Отбросив всякое стеснение, она приоткрыла губы ему навстречу. Не сдержав стона, он опрокинул безвольное тело женщины на кровать, придавил своей тяжестью и принялся расстегивать блузку.

Теперь, когда условности были наконец преодолены, Густав никак не мог ею насладиться.

– Маргрит, Маргрит, ты чертовски аппетитна, – невольно вырвалось у него, когда он ощутил в нижней части ее шеи бешеное биение пульса.

Его руки уже распахнули блузку и теперь ласкали грудь. Он нетерпеливо сдернул с нее шорты, а Маргрит, подняв руки, потянула вверх его рубашку.
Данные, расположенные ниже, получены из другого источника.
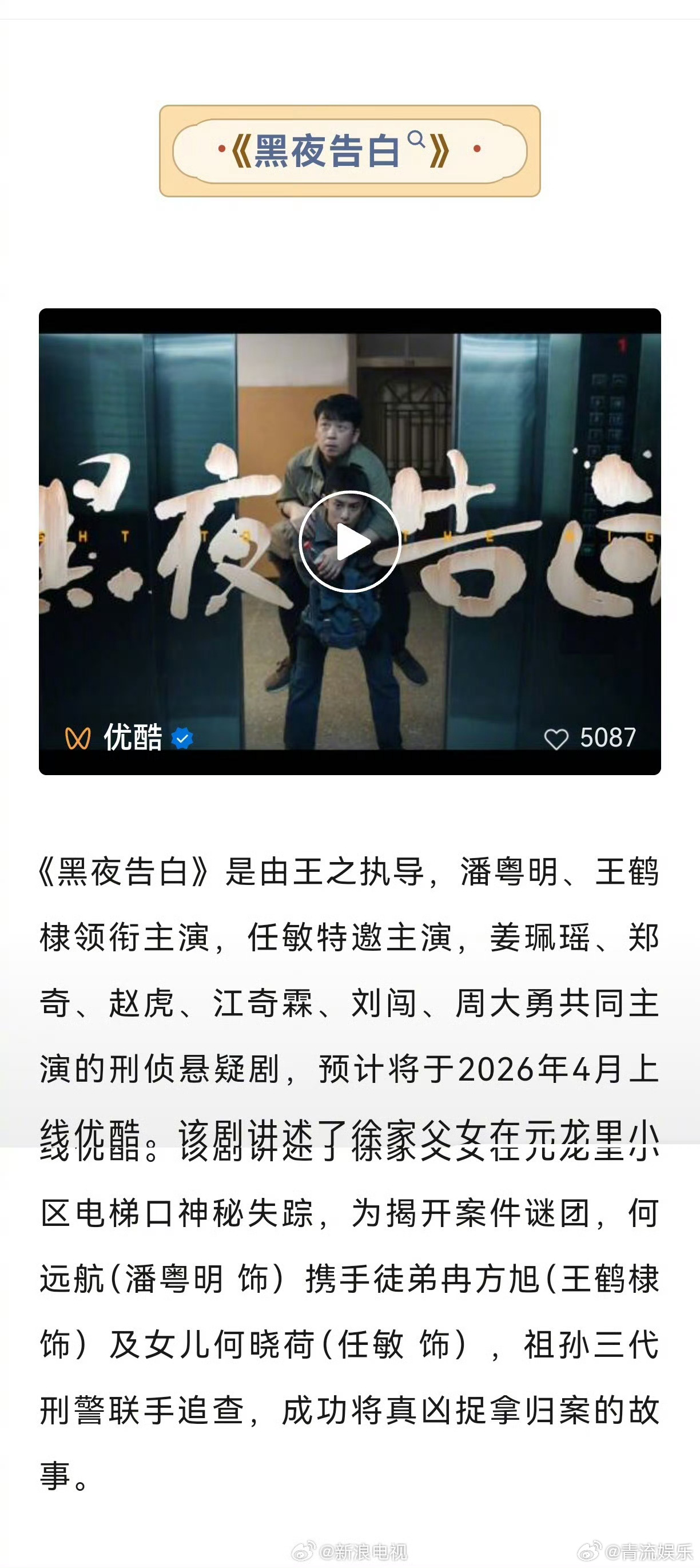 王鹤棣黑夜告白招商黑夜告白4月播出 由王之执导,主演的刑侦悬疑剧《黑夜告白》,预计将于2026年4月上线优酷。该剧讲述了徐家父女在元龙里小区电梯口神秘失踪,为揭开案件谜团,何远航携手徒弟冉方旭及女儿何晓荷,祖孙三代刑警联手追查,成功将真凶捉拿归案的故事。

Густав натянуто засмеялся и, помогая ей, стащил рубашку через голову и отшвырнул в сторону. Маргрит не могла оторвать взгляда от совершенных линий его торса.

Она инстинктивно развела ноги так, чтобы он мог теснее прижаться к ней. На этот раз поцелуй был глубоким, почти неистовым, потом его губы медленно спустились к груди, оставляя за собой волнующий след страсти. Густав утолил мучительную жажду груди и пробудил к жизни остальные уголки ее истомившегося тела.

– Густав, о, прошу тебя?.. О, так, так!.. – восклицала Маргрит, не подозревая, что говорит в полный голос.